Data for this task
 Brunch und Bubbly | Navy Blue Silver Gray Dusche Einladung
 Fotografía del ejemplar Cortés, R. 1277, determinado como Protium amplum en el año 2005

...

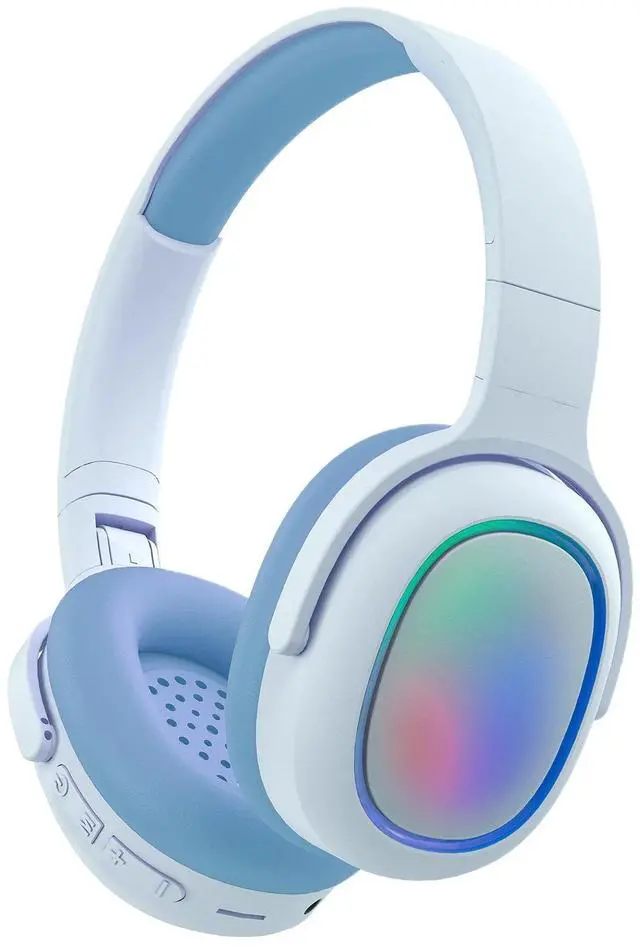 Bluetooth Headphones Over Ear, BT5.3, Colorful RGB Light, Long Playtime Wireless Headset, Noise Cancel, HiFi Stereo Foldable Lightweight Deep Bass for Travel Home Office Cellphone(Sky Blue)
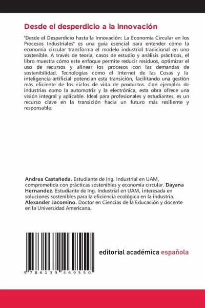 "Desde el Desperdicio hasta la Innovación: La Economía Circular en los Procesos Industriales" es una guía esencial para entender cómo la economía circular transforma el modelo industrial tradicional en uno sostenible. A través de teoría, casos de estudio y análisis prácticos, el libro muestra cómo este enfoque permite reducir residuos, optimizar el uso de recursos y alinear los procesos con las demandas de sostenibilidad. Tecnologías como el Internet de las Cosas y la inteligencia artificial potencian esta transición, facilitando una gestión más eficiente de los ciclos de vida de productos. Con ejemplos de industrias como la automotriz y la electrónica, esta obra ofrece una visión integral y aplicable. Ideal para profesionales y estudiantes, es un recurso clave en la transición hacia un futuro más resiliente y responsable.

The problem
All that belongs in your answer is the stretch of entries above from the line with "Brunch und Bubbly" through the line with "Fotografía del ejemplar", printed exactly.

Solution for this task
 Brunch und Bubbly | Navy Blue Silver Gray Dusche Einladung
 Fotografía del ejemplar Cortés, R. 1277, determinado como Protium amplum en el año 2005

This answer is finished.